Items listed in a dataset »
——
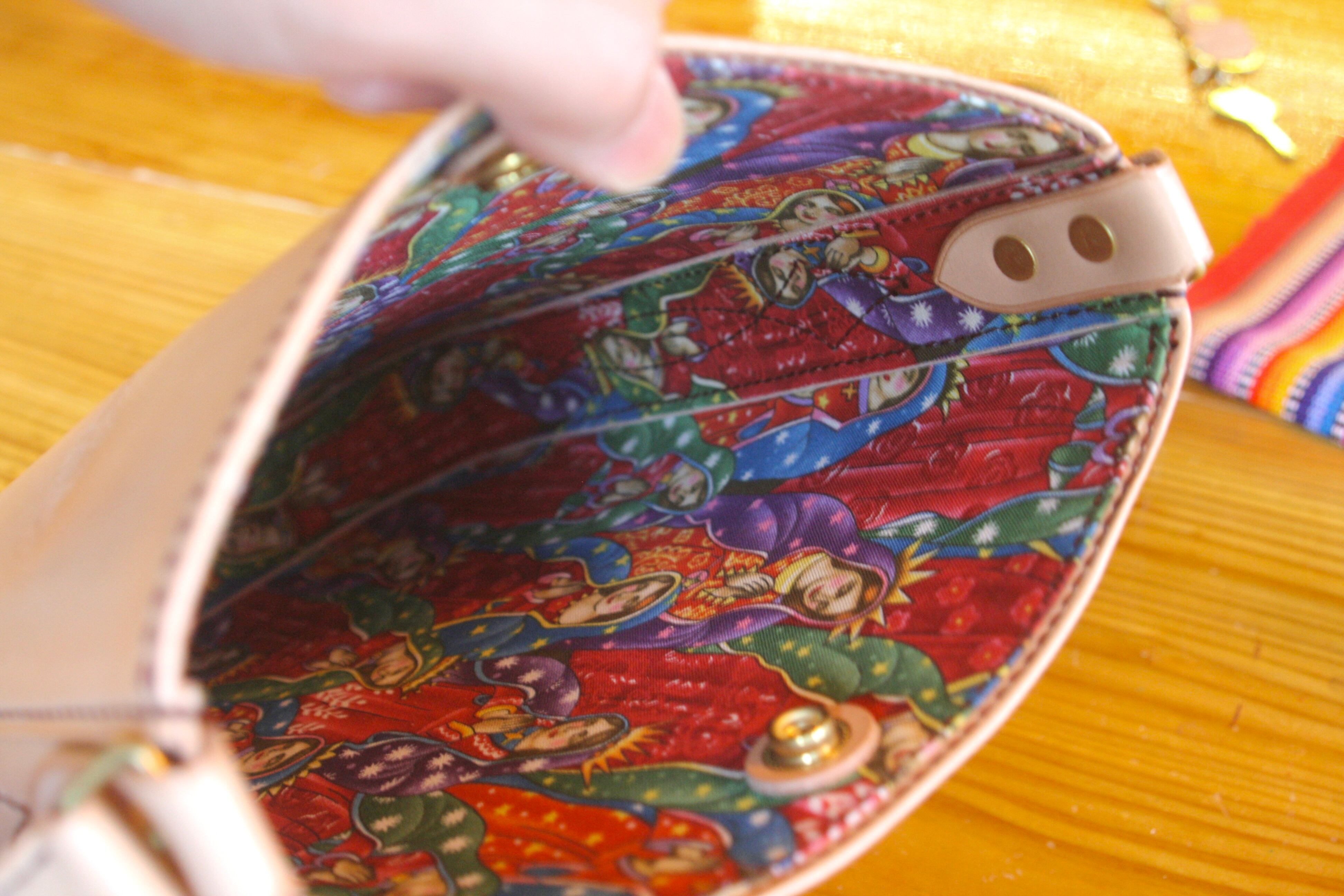 長さ調節式のショルダーベルトの付け根にキーホルダー等を提げられるようにしています。
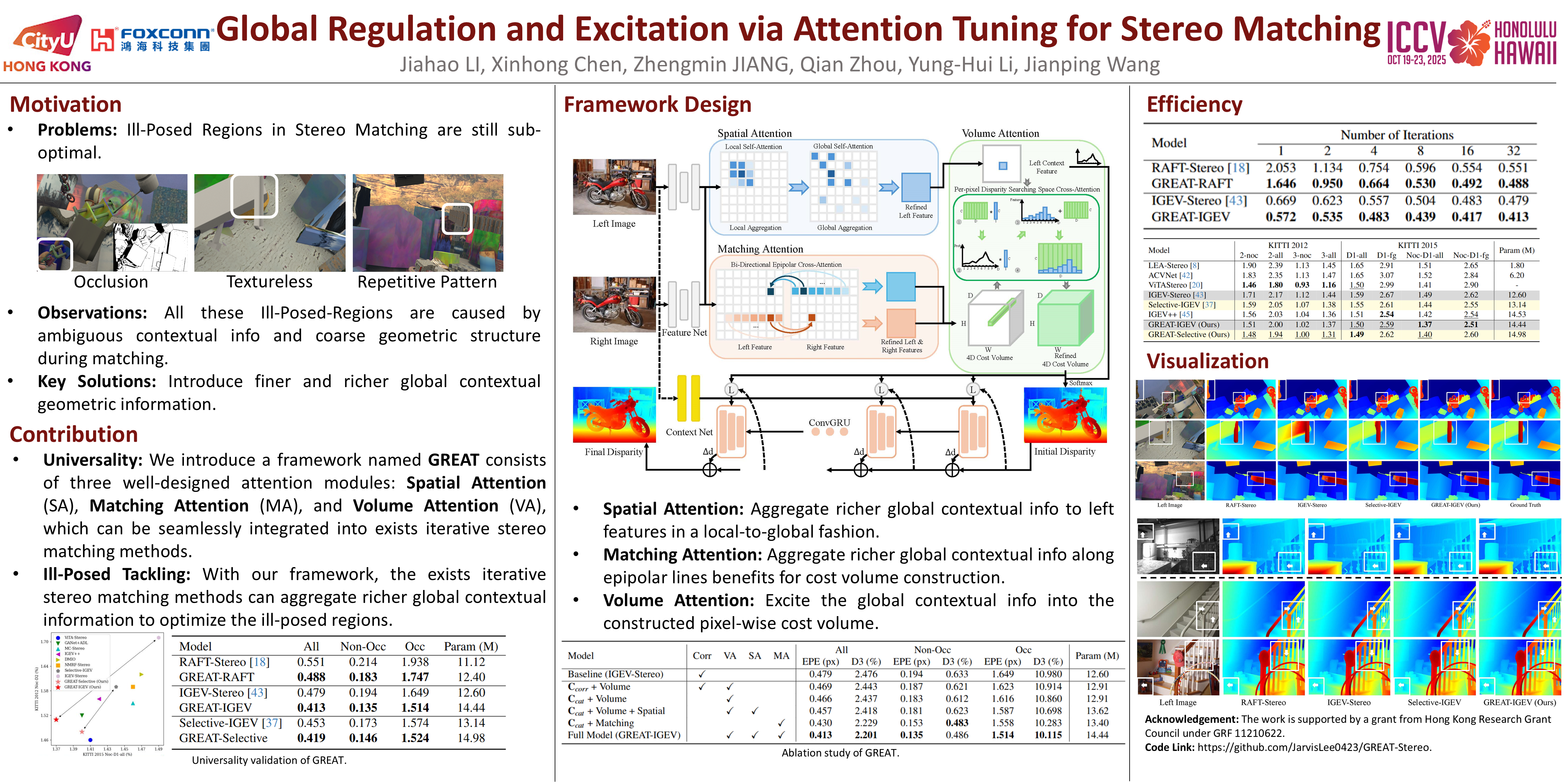 Stereo matching achieves significant progress with iterative algorithms like RAFT-Stereo and IGEV-Stereo. However, these methods struggle in ill-posed regions with occlusions, textureless, or repetitive patterns, due to lacking global context and geometric information for effective iterative refinement. To enable the existing iterative approaches to incorporate global context, we propose the Global Regulation and Excitation via Attention Tuning (GREAT) framework which encompasses three attention modules. Specifically, Spatial Attention (SA) captures the global context within the spatial dimension, Matching Attention (MA) extracts global context along epipolar lines, and Volume Attention (VA) works in conjunction with SA and MA to construct a more robust cost-volume excited by global context and geometric details. To verify the universality and effectiveness of this framework, we integrate it into several representative iterative stereo-matching methods and validate it through extensive experiments, collectively denoted as GREAT-Stereo. This framework demonstrates superior performance in challenging ill-posed regions. Applied to IGEV-Stereo, among all published methods, our GREAT-IGEV ranks first on the Scene Flow test set, KITTI 2015, and ETH3D leaderboards, and achieves second on the Middlebury benchmark. Code for reproducibility will be available in the future.
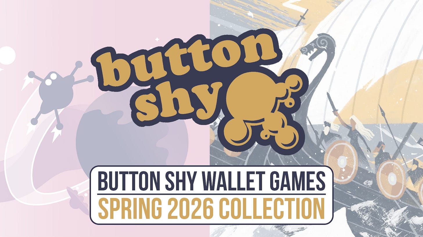 Button Shy Wallet Games: Spring 2026 Collection: Button Shy’s campaigns always feature a PNP level, and they are switching to a multi-game bundle campaign for their next 4 wallet games. This one features the latest in the ROVE series - Astro ROVE, Jarl from Joe Klipfel, Everything Machine, and Shaper. Launching on April 7th. Link.
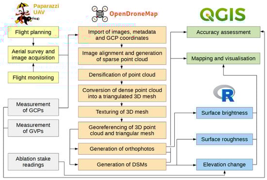 We derived five high-resolution orthophotos (5 cm) and DSMs (25 cm) of the Kanderfirn from UAV-based aerial images using the latest version (0.4.1) of the photogrammetry software OpenDroneMap (www.opendronemap.org). OpenDroneMap is a rapidly evolving community-based open-source toolkit for processing and analysing aerial imagery acquired with UAVs []. The command line program runs on all major operating systems. Different extendable web applications, such as WebODM, provide an interface to OpenDroneMap and enable data visualisation, storage and analysis []. OpenDroneMap relies on the following photogrammetry workflow to generate dense point clouds, textured meshes, DSMs and orthophotos from aerial imagery (Figure 5):
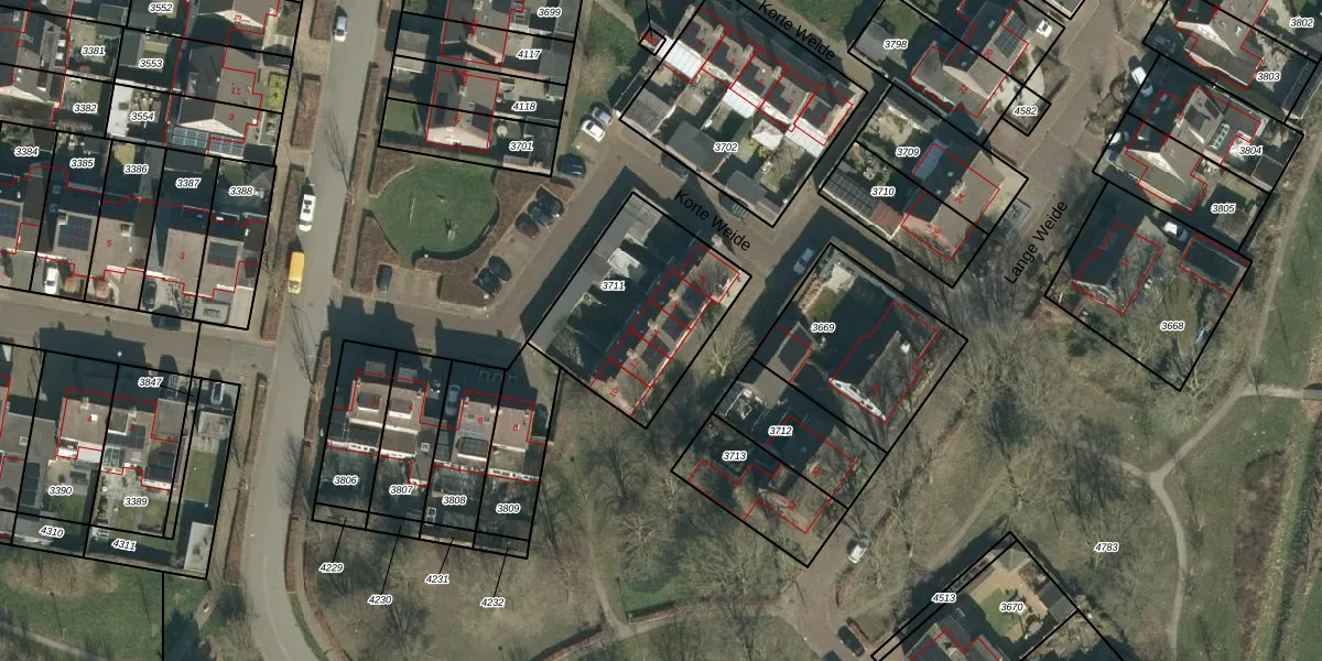 Korte Weide 14 is gelegen op kadastraal perceel LIT00A3711. Deze kadastrale aanduiding is uniek en wordt gebruikt door het Kadaster om eigendomsrechten en andere zakelijke rechten vast te leggen. Het perceel maakt onderdeel uit van de kadastrale gemeente Lith.
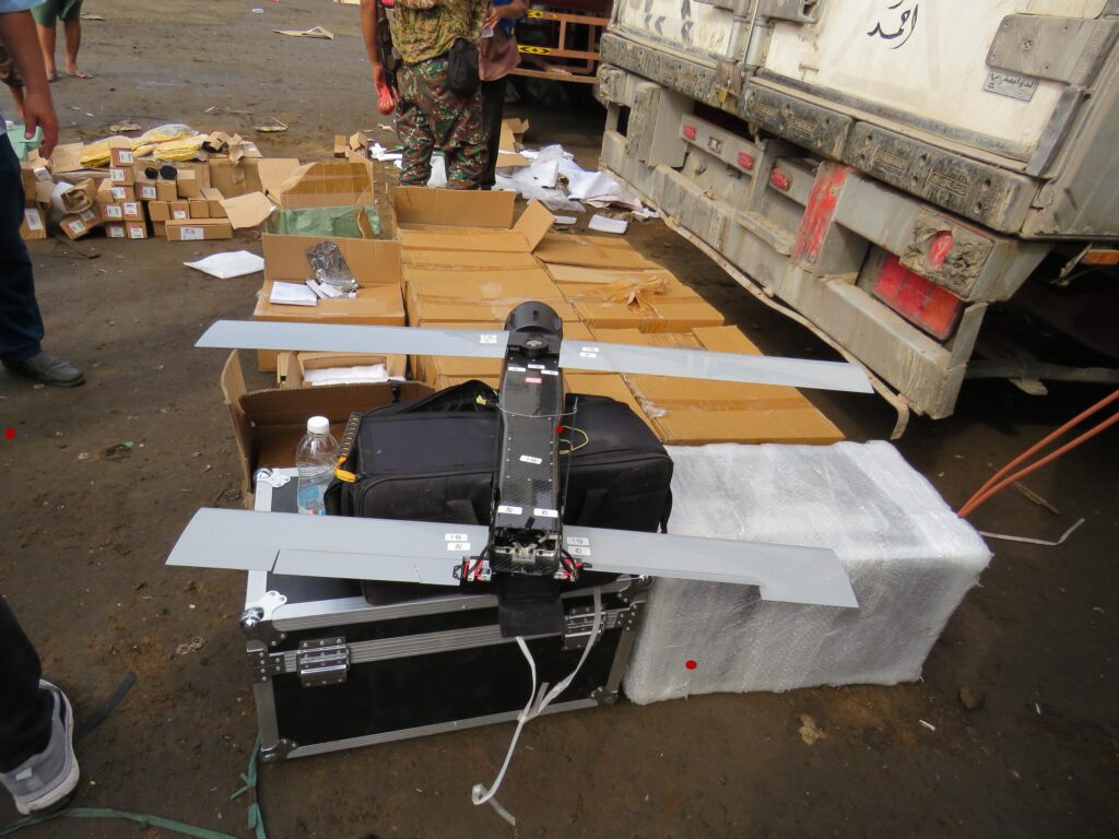 ضبط وتحريز 58 حاوية تزن أكثر من 2500 طن تحتوي على مصانع طائرات مسيرة، ومعدات عسكرية وتجسسية حوثية بميناء عدن
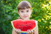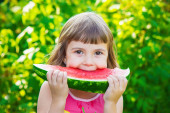 Zdjęcie "Dziecko je arbuza. Selektywny fokus." może być wykorzystywane do celów osobistych i komercyjnych zgodnie z warunkami zakupionej licencji Royalty-free. Obraz jest dostępny do pobrania w jakości wysokiej rozdzielczości do 5760x3840.
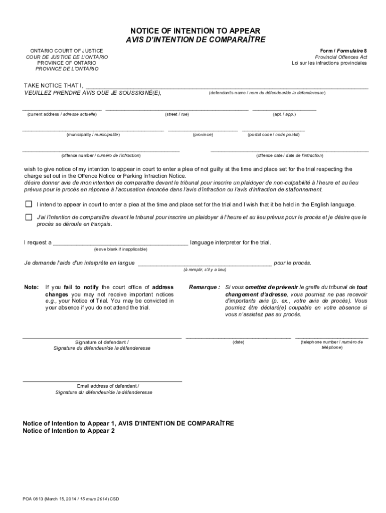 NOTICE OF INTENTION TO APPEAR AVIS INTENTION DE COMPARABLE Form / Formula ire 8 Provincial Offenses Act LOI SUR LES infractions provincialesONTARIO COURT OF JUSTICE FOUR DE JUSTICE DE ONTARIO PROVINCE
——
What needs to be done » Using the data above, return the lines from the one holding "Korte Weide 14" through the one holding "ضبط وتحريز 58" exactly, but not the pictures.

Solution for this exercise »
 Korte Weide 14 is gelegen op kadastraal perceel LIT00A3711. Deze kadastrale aanduiding is uniek en wordt gebruikt door het Kadaster om eigendomsrechten en andere zakelijke rechten vast te leggen. Het perceel maakt onderdeel uit van de kadastrale gemeente Lith.
 ضبط وتحريز 58 حاوية تزن أكثر من 2500 طن تحتوي على مصانع طائرات مسيرة، ومعدات عسكرية وتجسسية حوثية بميناء عدن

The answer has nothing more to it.